Arthur Munyao & others v Rosemary Wangui Kimaku & others [2019] KEHC 5428 (KLR)
Full Case Text
REPUBLIC OF KENYA
IN THE HIGH COURT OF KENYA
AT NAIROBI
MILIMANI COMMERCIAL & TAX DIVISION
CIVIL CASE NO. 65 OF 2013
ARTHUR MUNYAO & OTHERS ...............................PLAINTIFFS
-VERSUS-
ROSEMARY WANGUI KIMAKU & OTHERS......DEFENDANTS
RULING
1. The 1st defendant Rosemary Wangui Kimaku, had an interlocutory judgment entered against her alongside her co-defendants on 26th April 2013. It was entered in default of defence. The 1st defendant applied for the setting aside of that jugment by her application dated 20th September 2016. This court by its ruling of 22nd January 2018 set aside that judgment on condition. The condition was for the 1st defendant to provide, within 30 days, USD 15,375. 00 to be deposited in a joint interest earning account operated by the advocates for the plaintiffs and the 1st defendant. Failure to so provide that amount, the order of setting aside the interlocutory judgment would be vacated.
2. The 1st defendant filed a notice of motion dated 13th February, 2018 which is the subject of this ruling. By that application the 1st defendant seeks the order:
“that this honourable court be pleased to stay the ruling of this honourable court passed on 22nd January 2018pending hearing and determination of the appeal”.
3. The only basis for seeking that order, which is apparent on the 1st defendant’s affidavit in support of that application, is that the 1st defendant was dissatisfied with the ruling of 22nd January 2018. That unless stay is granted the 1st defendant will suffer substantial loss because, if money is paid to the plaintiffs it will not be recoverable.
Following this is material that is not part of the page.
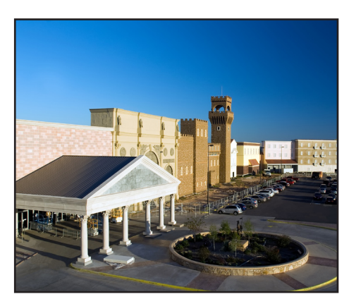
Winstar World Casino • GRC Wall Panel System

4. The plaintiff filed a replying affidavit which was done by Arthur Munyau Muuo the 1st plaintiff. That affidavit was not executed by the 1st plaintiff although strangely its commissioned by a commissioner of oaths. Since it was not executed by the deponent, it will not be considered in this ruling.
5. The prayer sought by the 1st defendant is not at all straight forward. I say so because the 1st defendant seeks to stay the order of the ruling of 22nd January 2018. That ruling ordered the 1st defendant to deposit money into a joint account of the advocates as a condition of setting aside the interlocutory judgment entered against the 1st defendnat. It will become obvious that there are two limbs of the orders from that ruling. The 1st limb is that interlocutory judgment against the 1st defendant was set aside. The 2nd limb is that the 1st defendant was to deposit USD 15,375. 00 within 30 days of 22nd January 2018 in a joint account of the advocates.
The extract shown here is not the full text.